Civil Action No. 2:12-cv-07437-ES-JAD
UNITED STATES DISTRICT COURT DISTRICT OF NEW JERSEY
Hon. Esther Salas, U.S.D.J.; Hon. Joseph A. Dickson, U.S.M.J.
OPINION AND ORDER
OPINION AND ORDER
JOSEPH A. DICKSON, U.S.M.J.
This matter comes before the Court upon Plaintiff‘s Motion for Waiver of Affidavit of Merit Requirement. Pursuant to
I. BACKGROUND
In this diversity action, Plaintiff, Sang Geoul Lee, alleges that his physician, Defendant Won Il Park, M.D., negligently disclosed information regarding Plaintiff‘s use of certain medication to Plaintiff‘s wife. Plaintiff claims that Defendant disclosed this information “to be rid of what defendant perceived as plaintiff‘s wife‘s harassing requests,” and that Defendant‘s disclosure enabled Plaintiff‘s wife to lodge charges of sexual infidelity against him.1 See Complaint, ¶ 7 (ECF doc. 1). Plaintiff seeks compensatory and punitive damages from Defendant for breach of confidentiality, negligence, and negligence per se. Id. at 4.

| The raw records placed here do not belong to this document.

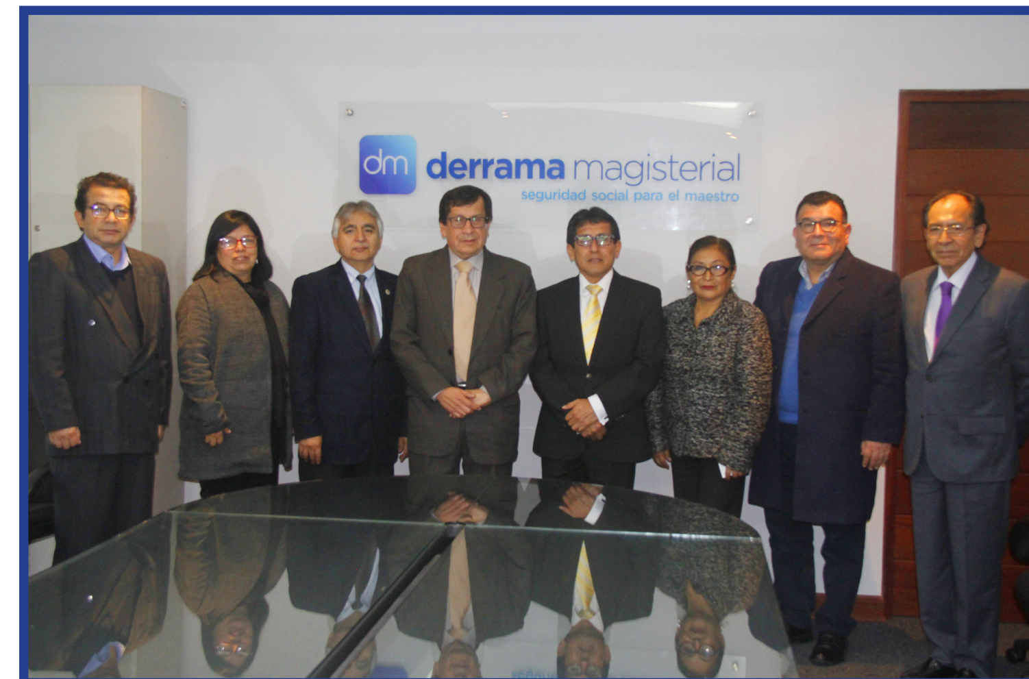
Foto oficial de las autoridades de la UNE y Derrama Magisterial, tras la firma del convenio interinstitucional que se realizó en la sede central de la institución en Jesús María.

tres (03) años a partir de la fecha de suscripción, y cualquier modificación o ampliación del convenio deberá hacerse por común acuerdo de las partes, mediante una adenda, con 45 días de anticipación.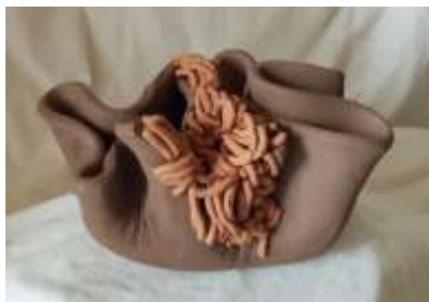
Ostić Jadranka, G-II, terracotta, 22x15x13 cm, 2024.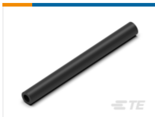
TE 产品编号D21910-000 EN-DCPT-3/1.5-45-SP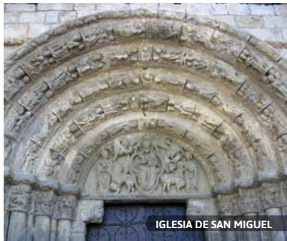
IGLESIA DE SAN MIGUEL

13. PLAZA DE LOS FUEROS . Constituye el punto de reunión de la ciudad. La construcción de la plaza actual se debe al arquitecto estellés Patxi Mangado a finales del siglo XX.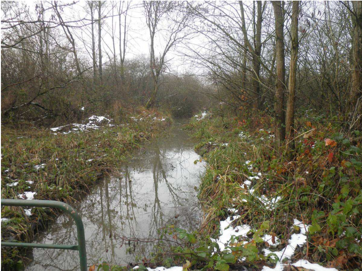
Saule buissonnant recouvrant entièrement le lit de la rivière.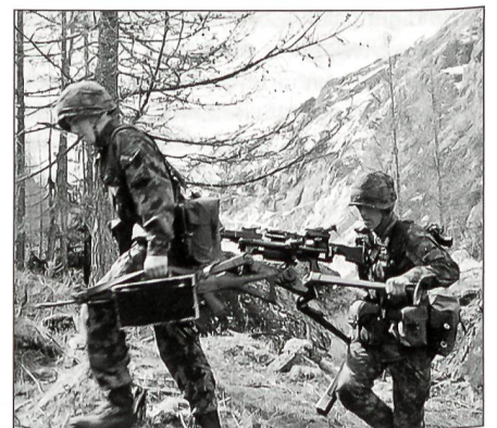
Gemäss KKV Einsatzdoktrin: Kommen ...

Im Zeitgeist unserer Gesellschaft rückt der Soldat mehr denn je ins Rampenlicht der Kritik. Besonders der Gebirgssoldat wird um sein Dasein in Frage gestellt. Selbst in militärischen Kreisen wird die Idee vertreten, dass der Kampf sicher nicht im Gebirge stattfinden wird. Morgarten 1315 und das Alpenreduit vom Zweiten Weltkrieg sind Geschichte. Dem Schweizer Militärgeschichtler Baron Antoine-Henri de Jomini (1779 bis 1869) kann nicht widersprochen werden, dass sich das Gebirgsgebirge für den entscheidenden, entschlossenen Verteidigungskampf besonders gut eigne. Die Zeiten haben geändert und das Kampfgeschehen mit ihnen. Auch die Schweizer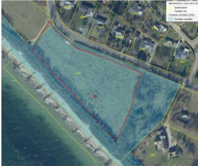
Luftfoto 2020: Den røde linje svarer ca. til hvor hegnslinjen skal gå.

Vi ønsker at opsætte totrådet kreaturhegn, hvoraf hjørnestolper og enkelte stolper bliver permanente. Selve hegnet fjernes efter endt græsning. Hegnslinjen bliver ca. som linjen markeret med rød på ovenstående luftfoto.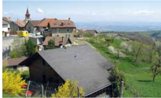
▣ Vallon du Nozon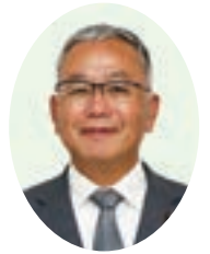
村上 治 議員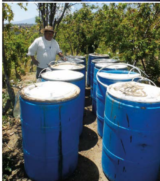
Figura 1. Producción de digeridos de fermentación o "bioles" en traspatios de unidades familiares campesinas en Santa María Nepopualco Puebla, México.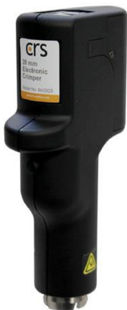
オートクリンパー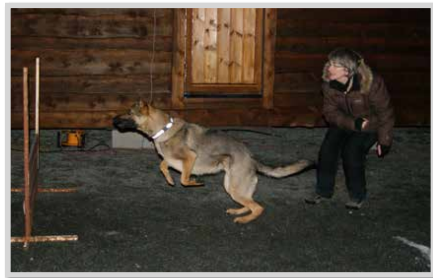
Fra onsdagstreningen på Myrbø, Lille Wagtskjold og Stella.

På bildene er det BKKs leder som engasjerer seg og hjelper Stella å hoppe over hinderet.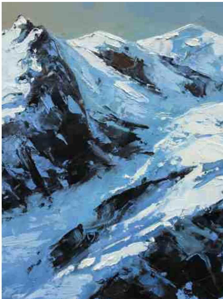
Bergwelten 028 2021 | Öl/Holz | 24 x 18 cm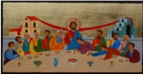
Ostatnia Wieczerza. Ikonka ręcznie pisana na desce sosnowej ok. 36,5x22,5x2,7 cm.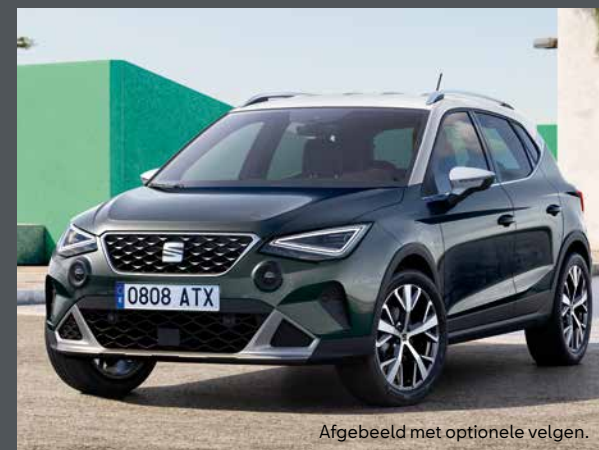
Afgebeeld met optionele velgen.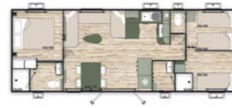
Dimensions : 10,5x4m 3 chambres - 2 salles de bains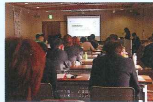
地域事例発表会の様子

各施設が日頃より取り組んでいるケアを皆様に伝える法人事例研究発表会を行いました。今年、21事例の発表があり、全国大会へ6事例選出されました。毎年研究としての精度が高くなっています。地域事例発表会も多くの方に来て頂きました。今後は、各施設での苗場カフェでの開催を予定しております。是非おいで下さい。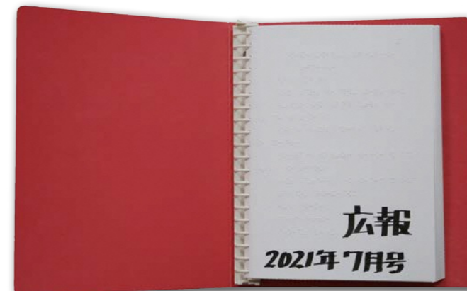
▲点字の広報けいせん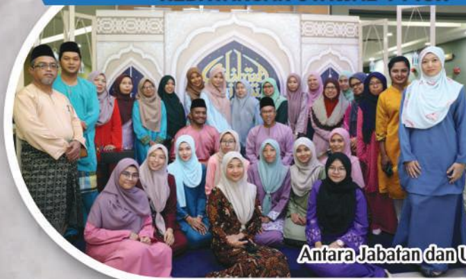
Antara Jabatan dan Unit di MPPG dalam sesi fotografi yang diadakan

II. DISCUSSION AND ANALYSIS
A. Applicability of Affidavit of Merit Statute
As a threshold matter, this Court must first determine whether the affidavit of merit statute applies in this action. The AOM statute provides, in relevant part:
In any action for damages for personal injuries, wrongful death or property damage resulting from an alleged act of malpractice or negligence by a licensed person in his profession or occupation, the plaintiff shall, within 60 days following the date of filing of the answer to the complaint by the defendant, provide each defendant with an affidavit of an appropriate licensed person that there exists a reasonable probability that the care, skill or knowledge exercised or exhibited in the treatment, practice or work that is the subject of the complaint, fell outside acceptable professional or occupational standards or treatment practices.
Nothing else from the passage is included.